* What the task asks: Locate the line that contains "Urban Lifestyle Round". Retype it and every line after it to the end of the records, exactly, but not the pictures.

[[ Material to process open ]]

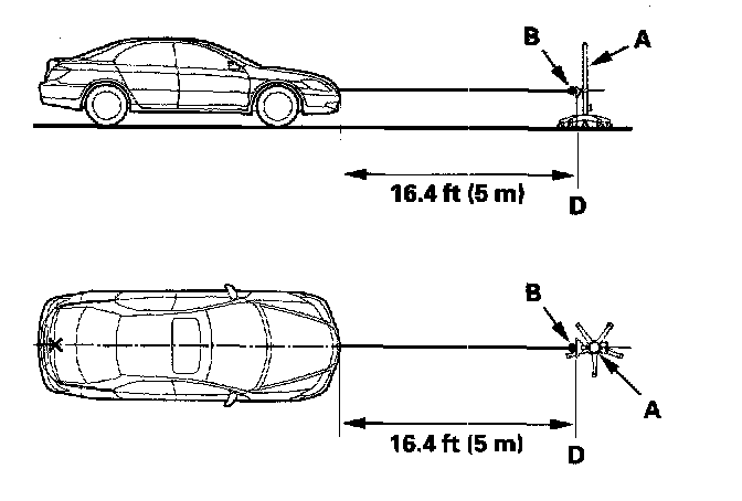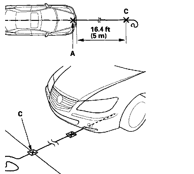 7. Tape a string to the floor behind the vehicle aligned with point (B). Stretch the string forward to a point 16.4 ft (5 m) in front of the vehicle. Carefully align the string along point (B) and point (A) on the centerline of the vehicle and mark a new point (C) 16.4 ft (5 m) in front of the vehicle on the floor that is also on the centerline.
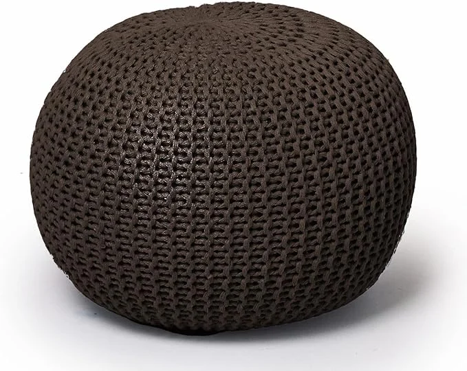 Urban Lifestyle Round Knitted Pouf, Handwoven Cotton Accent Chair, Brown
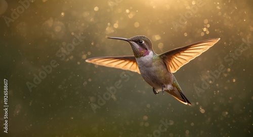 Fototapeta premium Mesmerizing Hummingbird Hovering with Glittering Glow
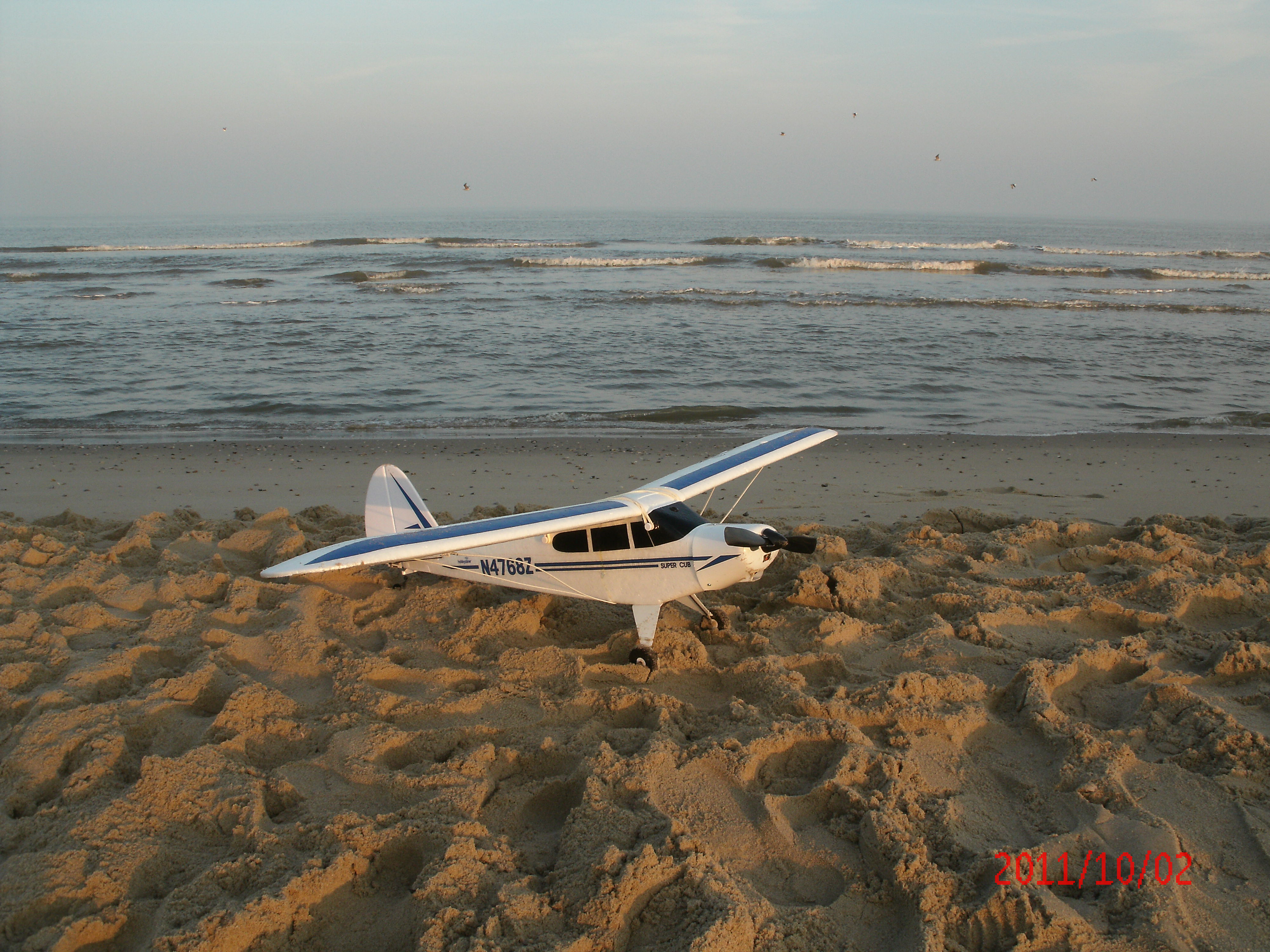 Op de fiets en weer alleen komen de overdenkingen van de modelvlieger. Zo, die had ik met zijn kater van de avond ervoor met mijn zacht zoemende Super Cub veel te vroeg gewekt! Wist ik veel … Bleek er precies onder mijn vliegcircuit een camping te liggen, die zelfs met moeite doen niet te zien was … Eigenlijk kan ik er achteraf de humor wel van inzien. Maar wat nu? Ik besluit richting de zee te rijden, daar is zeker geen al dan niet permanente bewoning die ik op dit vroege uur onbedoeld lastig kan vallen … Onderweg zie ik wel een paar geschikte plekken, maar dan moet ik telkens vanaf de weg starten. Stel je voor dat er opeens een auto aankomt, op een platgereden Cub zit ik ook weer niet te wachten. Zeker niet na zo even… Dan maar door naar het strand.
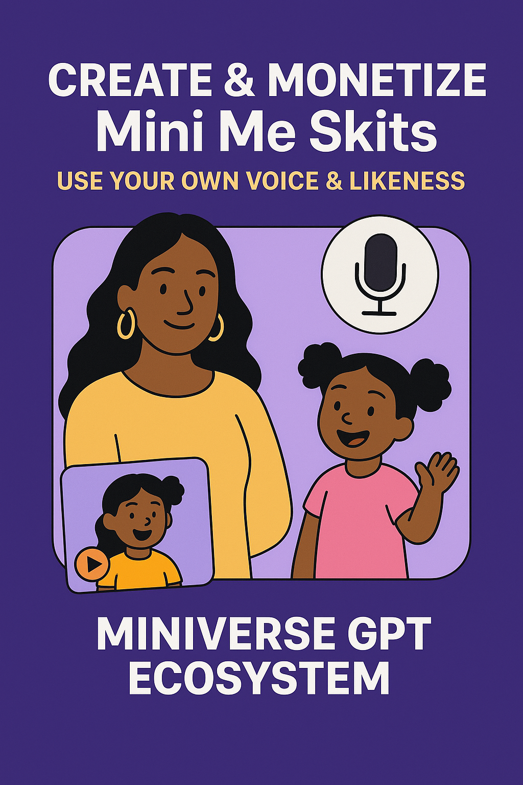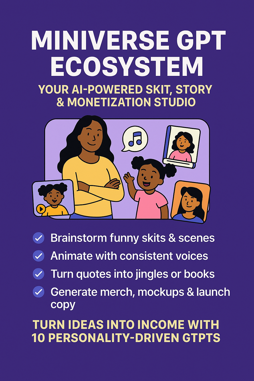 The MiniVerse GPT Ecosystem isnβt just a tool β itβs your full-blown AI-powered creative empire. Designed for creators, storytellers, and digital entrepreneurs, this all-in-one GPT suite lets you go from a simple skit idea to a fully animated show, voiceover, song, storybook, and merch line β all powered by smart, personality-driven GPTs that work together like a dream team.

[[ Material to process closed ]]

* Output for this task:
 Urban Lifestyle Round Knitted Pouf, Handwoven Cotton Accent Chair, Brown
 Fototapeta premium Mesmerizing Hummingbird Hovering with Glittering Glow
 Op de fiets en weer alleen komen de overdenkingen van de modelvlieger. Zo, die had ik met zijn kater van de avond ervoor met mijn zacht zoemende Super Cub veel te vroeg gewekt! Wist ik veel … Bleek er precies onder mijn vliegcircuit een camping te liggen, die zelfs met moeite doen niet te zien was … Eigenlijk kan ik er achteraf de humor wel van inzien. Maar wat nu? Ik besluit richting de zee te rijden, daar is zeker geen al dan niet permanente bewoning die ik op dit vroege uur onbedoeld lastig kan vallen … Onderweg zie ik wel een paar geschikte plekken, maar dan moet ik telkens vanaf de weg starten. Stel je voor dat er opeens een auto aankomt, op een platgereden Cub zit ik ook weer niet te wachten. Zeker niet na zo even… Dan maar door naar het strand.
 The MiniVerse GPT Ecosystem isnβt just a tool β itβs your full-blown AI-powered creative empire. Designed for creators, storytellers, and digital entrepreneurs, this all-in-one GPT suite lets you go from a simple skit idea to a fully animated show, voiceover, song, storybook, and merch line β all powered by smart, personality-driven GPTs that work together like a dream team.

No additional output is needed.